Who are you gonna trust - the kid from Boston suburbs, or three posters from the area?
Hoo- Arlington also has plans to break up some of the megablocks in Rosslyn, but that's contingent on parcel-by-parcel development. PS - did you see the Holiday Inn implosion? I visited the remnants yesterday...The hole in the ground really lays bare how much of an incline that part of Rosslyn is built on.
There's also a long-planned road diet for Army-Navy Drive near the Pentagon City mall.
I saw the video of the implosion on Adam Tuss's twitter feed.
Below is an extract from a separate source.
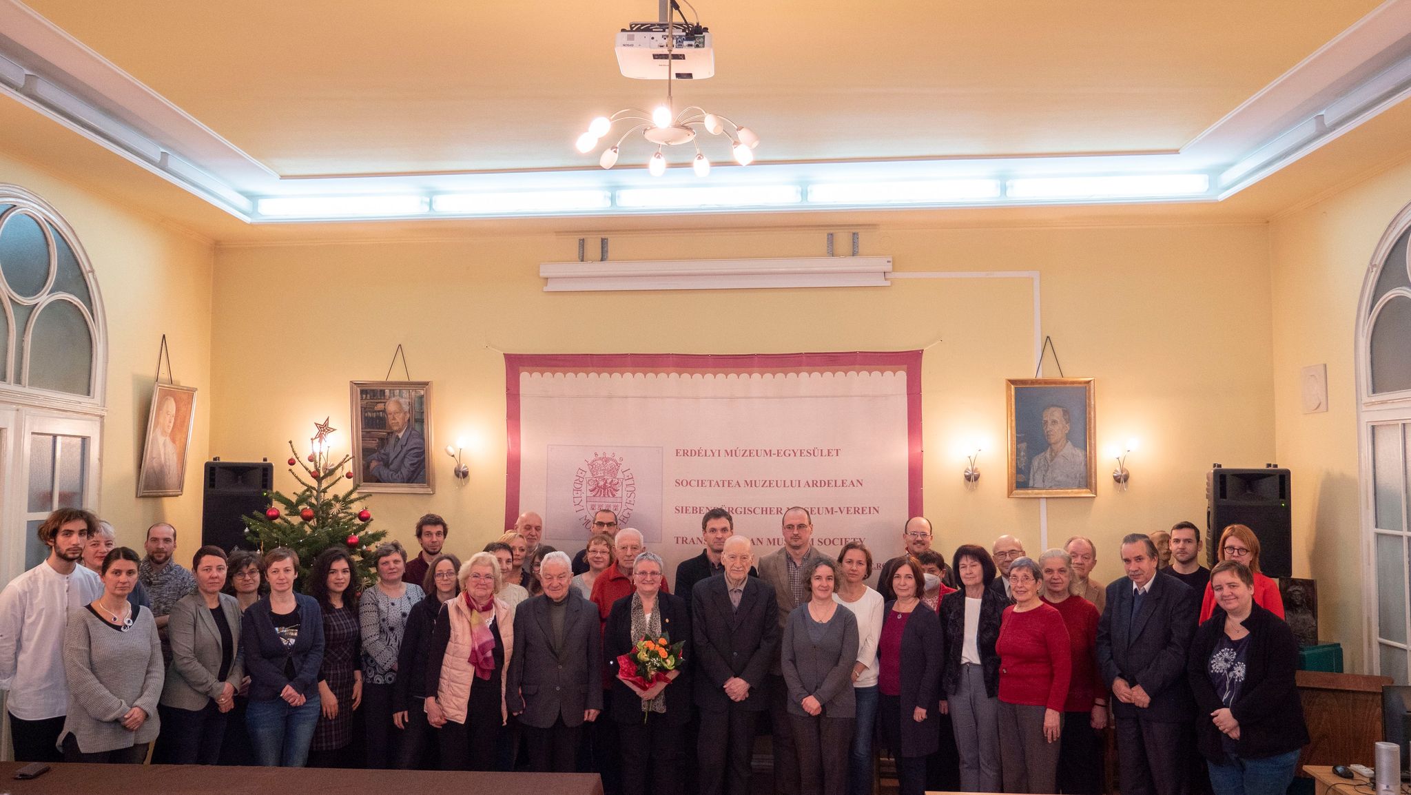 A hagyományos év végi ünnepi koccintásra múlt pénteken, december 16-án gyűltek össze az EME vezetőségi, választmányi tagjai és munkatársai. Az eseményen Bitay Enikő elnök összegezte az elmúlt év eseményeit, és köszönetet mondott a kollégáknak az eredményes kutatómunkáért, a rendezvények szervezéséért és lebonyolításáért. Kiemelte a szakosztályok és fiókegyesületek tevékenységét, a külső kutatási projekteket, amelyekben az egyes szakosztályok felkarolják a fiatal doktoranduszokat, kutatókat, és bevezetik őket a különféle interdiszciplináris kutatásokba, melyeknek az EME fontos közege. Kiemelten fontos volt a 2022-es év az EME hagyatékainak feldolgozása és a digitalizálás szempontjából is. Bitay Enikő köszönetet mondott az EME támogatóinak és az eseményen jelen lévő Renner Zsuzsannának is, aki aznap adta át az EME-nek Renner János, a kolozsvári bőr- és cipőgyár alapítójának bronz mellszobrát. Az eseményen felköszöntötték Farkas Zoltánt, az agrártudományi szakosztály egykori alapító tagját 85. születésnapja alkalmából. Ugyanakkor Kodály Zoltán 140. születésnapjáról is megemlékeztek. Ez alkalomból Szenkovics Dávid csellóművész szólaltatta meg Kodály: Szólószonáta op. 8. 1. tételét. Remek csellójátékával emlékezetessé tette az Erdélyi Múzeum-Egyesület évzáró ünnepét, s egyúttal Kodály Zoltánról is méltó módon megemlékezhettek születésének 140. évfordulója alkalmából.

We went to Arlington Cemetery that morning to place a wreath at my father's niche and, for obvious reasons, that was far more important to me than the hotel project.
I've never really liked Rosslyn or the part of Crystal City east of Route 1. They just don't appeal to me at all. I'm not sure breaking up the megablocks would change my opinion, either, but it's fair to recognize that I grew up outside the Beltway in Fairfax County and that surely influences my view. I was aware of the incline on which Rosslyn is built, though, because back in the 1980s when I was a Boy Scout pursuing the Cycling merit badge we regularly passed through Rosslyn as part of trips along the Custis Trail.
There was a road diet implemented on a portion of Kingstowne Village Parkway (between Beulah Street and Hayfield Road) not too far from where I live. On that road, it's been perfectly fine, but the people who live at that end don't like it because they say it makes it too hard "to pass slowpokes." Since it's a residential area with multiple uncontrolled crosswalks and the speed limit is 35, I tend to keep it to 35 on there. I have been passed over the double yellow line more than once, and one angry guy in a pickup who wanted me to go faster followed me to Wegmans and continued to follow me around the parking lot until I lost him by going around the back of the store and flooring it (I was not about to park until I lost him).